Pada jobsheet ini kita akan mencoba mempraktikkan pencarian hyperparameter dengan menggunakan teknik grid search. Scikit-learn sudah menyedaikan fungsi untuk melakukan hal ini, yaitu dengan mengimplementasikan **GridSearchCV** yang dapat diakses melalui package **model selection**.

Kasus yang akan kita coba untuk selesaikan adalah kasus WBC, seperti pada jobsheet teori pada modul ini.

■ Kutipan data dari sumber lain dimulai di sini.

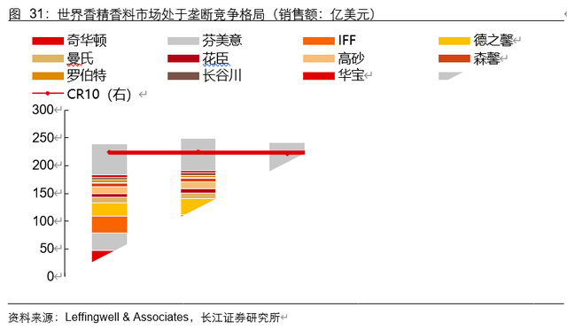 市場高度壟斷,逐漸形成“四大金剛”格局。全球香精香料市場壟斷在前 10 家巨頭企業(yè)手中,2017 年行業(yè) CR10 為 77.0%,且隨著龍頭專利布局加強,產(chǎn)品布局拓寬,行業(yè)護城河加深,市場集中度有進一步提升的趨勢。全球香精香料市場,已經(jīng)形成“四超多強”的供給格局,奇華頓、芬美意、國際香精香料和德之馨四家企業(yè)位于行業(yè)第一梯隊,第二梯隊主要為日本、美國和中國的企業(yè)如曼氏、Frutarom(2018 年被IFF 收購)、高砂、森馨、羅伯特(芬美意持股)、長谷川和華寶國際。

### Load dan Pembersihan Data

In [None]:
import numpy as np
import pandas as pd

df = pd.read_csv('data/wbc.csv')

# slice kolom terakhir --> Unnamed column
df = df.iloc[:,:-1]

df.head()

Unnamed: 0,id,diagnosis,radius_mean,texture_mean,perimeter_mean,area_mean,smoothness_mean,compactness_mean,concavity_mean,concave points_mean,...,radius_worst,texture_worst,perimeter_worst,area_worst,smoothness_worst,compactness_worst,concavity_worst,concave points_worst,symmetry_worst,fractal_dimension_worst
0,842302,M,17.99,10.38,122.8,1001.0,0.1184,0.2776,0.3001,0.1471,...,25.38,17.33,184.6,2019.0,0.1622,0.6656,0.7119,0.2654,0.4601,0.1189
1,842517,M,20.57,17.77,132.9,1326.0,0.08474,0.07864,0.0869,0.07017,...,24.99,23.41,158.8,1956.0,0.1238,0.1866,0.2416,0.186,0.275,0.08902
2,84300903,M,19.69,21.25,130.0,1203.0,0.1096,0.1599,0.1974,0.1279,...,23.57,25.53,152.5,1709.0,0.1444,0.4245,0.4504,0.243,0.3613,0.08758
3,84348301,M,11.42,20.38,77.58,386.1,0.1425,0.2839,0.2414,0.1052,...,14.91,26.5,98.87,567.7,0.2098,0.8663,0.6869,0.2575,0.6638,0.173
4,84358402,M,20.29,14.34,135.1,1297.0,0.1003,0.1328,0.198,0.1043,...,22.54,16.67,152.2,1575.0,0.1374,0.205,0.4,0.1625,0.2364,0.07678


### Seleksi fitur

In [None]:
X = df.iloc[:, 2:]
y = df['diagnosis']

X.head()

Unnamed: 0,radius_mean,texture_mean,perimeter_mean,area_mean,smoothness_mean,compactness_mean,concavity_mean,concave points_mean,symmetry_mean,fractal_dimension_mean,...,radius_worst,texture_worst,perimeter_worst,area_worst,smoothness_worst,compactness_worst,concavity_worst,concave points_worst,symmetry_worst,fractal_dimension_worst
0,17.99,10.38,122.8,1001.0,0.1184,0.2776,0.3001,0.1471,0.2419,0.07871,...,25.38,17.33,184.6,2019.0,0.1622,0.6656,0.7119,0.2654,0.4601,0.1189
1,20.57,17.77,132.9,1326.0,0.08474,0.07864,0.0869,0.07017,0.1812,0.05667,...,24.99,23.41,158.8,1956.0,0.1238,0.1866,0.2416,0.186,0.275,0.08902
2,19.69,21.25,130.0,1203.0,0.1096,0.1599,0.1974,0.1279,0.2069,0.05999,...,23.57,25.53,152.5,1709.0,0.1444,0.4245,0.4504,0.243,0.3613,0.08758
3,11.42,20.38,77.58,386.1,0.1425,0.2839,0.2414,0.1052,0.2597,0.09744,...,14.91,26.5,98.87,567.7,0.2098,0.8663,0.6869,0.2575,0.6638,0.173
4,20.29,14.34,135.1,1297.0,0.1003,0.1328,0.198,0.1043,0.1809,0.05883,...,22.54,16.67,152.2,1575.0,0.1374,0.205,0.4,0.1625,0.2364,0.07678


### Split data training dan testing

Pada percobaan ini, kita akan mencoba menggunakan teknik repeated k-fold cross validation untuk splitting data training dan testing. Konfigurasi yang akan kita gunakan adalah $k=4$ dan jumlah perulangan 3 kali (*n_repeated=3*). Proses ini juga akan kita jadikan input pada saat melakukan grid search.

In [None]:
from sklearn.model_selection import RepeatedKFold

# inisiasi repated k-fold
cv = RepeatedKFold(n_splits=4, n_repeats=3, random_state=42)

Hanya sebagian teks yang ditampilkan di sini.